(Extracted records)
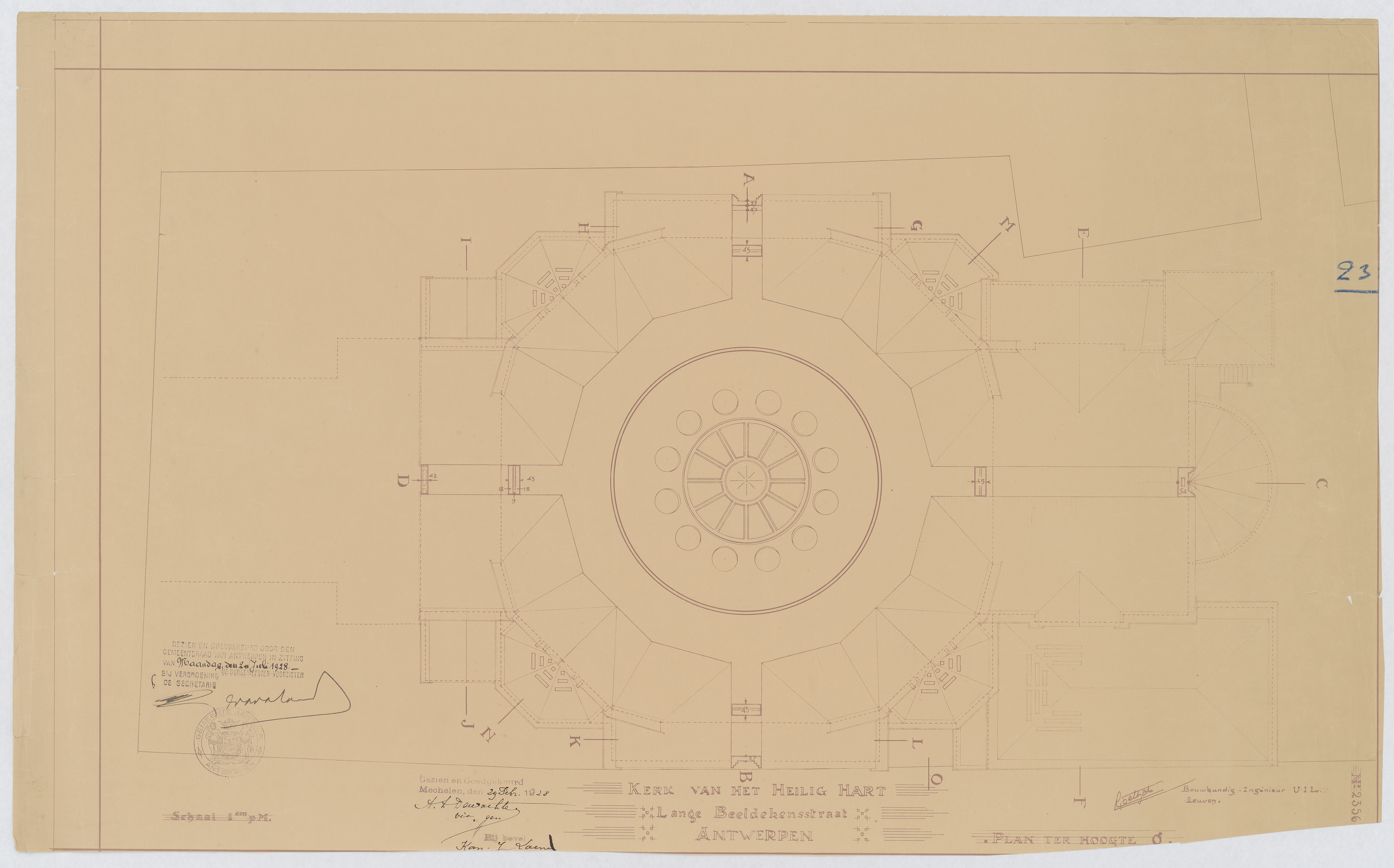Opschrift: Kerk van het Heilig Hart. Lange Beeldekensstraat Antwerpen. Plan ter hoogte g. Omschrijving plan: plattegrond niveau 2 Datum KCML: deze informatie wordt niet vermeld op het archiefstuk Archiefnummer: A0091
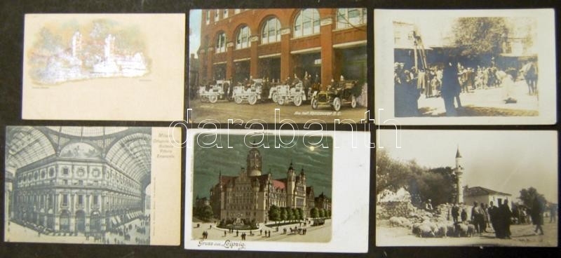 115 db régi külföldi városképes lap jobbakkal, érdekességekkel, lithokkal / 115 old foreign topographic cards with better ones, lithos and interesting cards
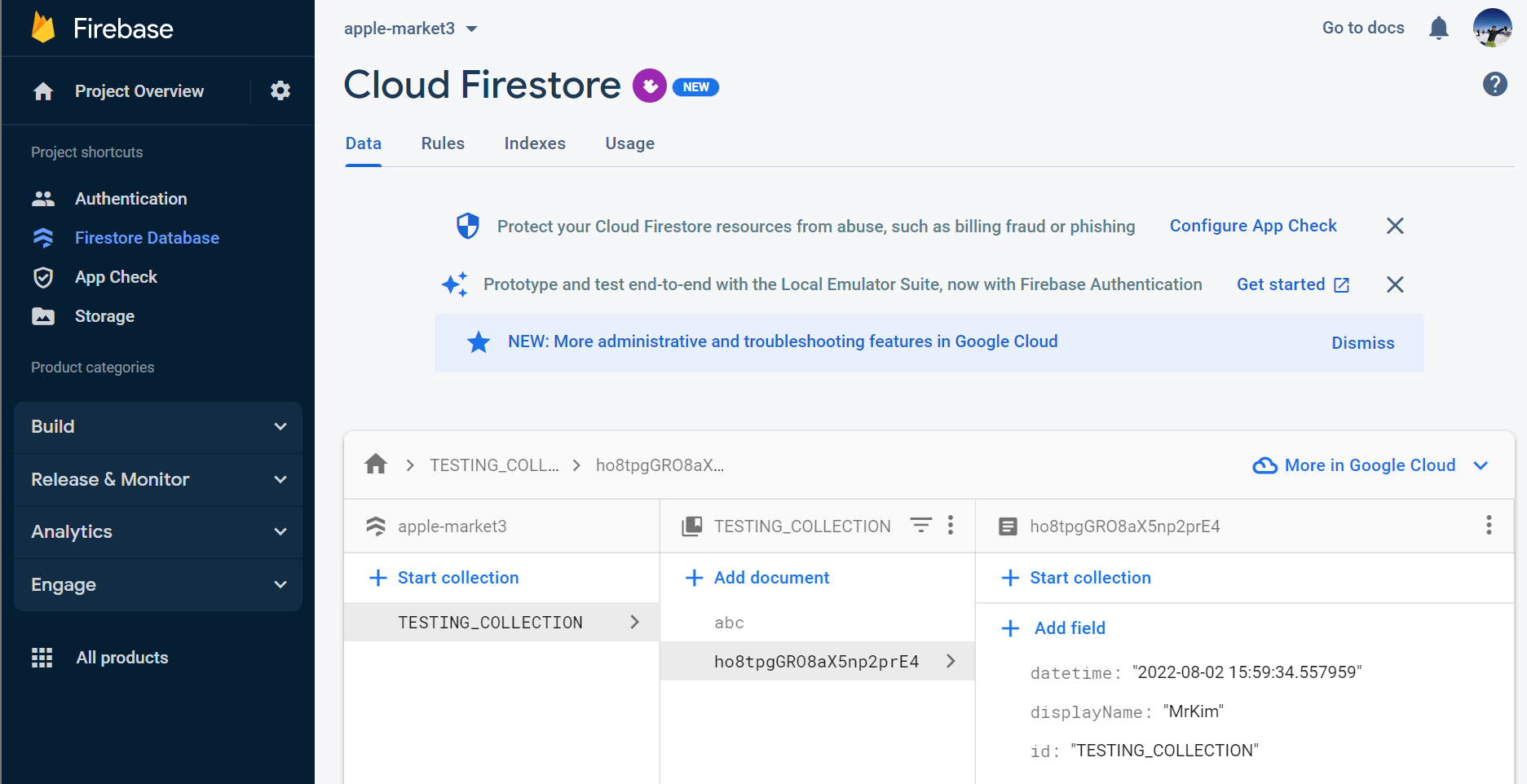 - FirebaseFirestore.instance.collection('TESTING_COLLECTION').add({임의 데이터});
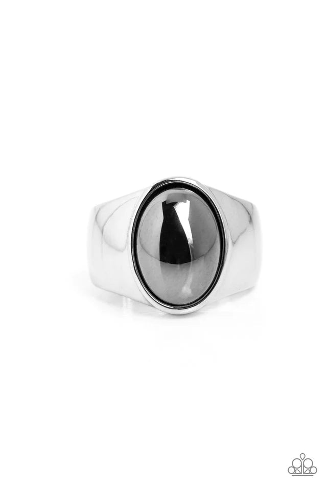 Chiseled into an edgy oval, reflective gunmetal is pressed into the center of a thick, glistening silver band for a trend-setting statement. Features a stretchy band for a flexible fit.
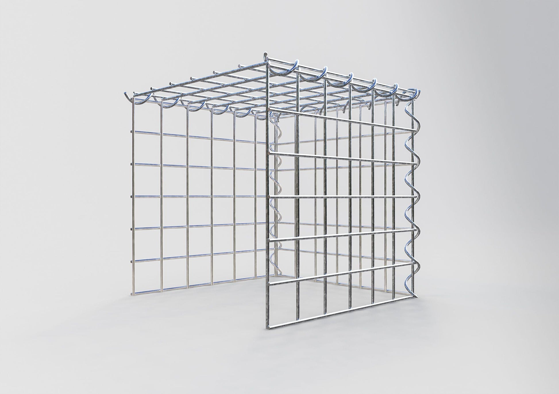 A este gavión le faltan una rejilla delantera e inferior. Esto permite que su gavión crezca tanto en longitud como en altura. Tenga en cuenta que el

What to work on = Except for the pictures, set down all of the records exactly.

Problem solution =
Opschrift: Kerk van het Heilig Hart. Lange Beeldekensstraat Antwerpen. Plan ter hoogte g. Omschrijving plan: plattegrond niveau 2 Datum KCML: deze informatie wordt niet vermeld op het archiefstuk Archiefnummer: A0091
 115 db régi külföldi városképes lap jobbakkal, érdekességekkel, lithokkal / 115 old foreign topographic cards with better ones, lithos and interesting cards
 - FirebaseFirestore.instance.collection('TESTING_COLLECTION').add({임의 데이터});
 Chiseled into an edgy oval, reflective gunmetal is pressed into the center of a thick, glistening silver band for a trend-setting statement. Features a stretchy band for a flexible fit.
 A este gavión le faltan una rejilla delantera e inferior. Esto permite que su gavión crezca tanto en longitud como en altura. Tenga en cuenta que el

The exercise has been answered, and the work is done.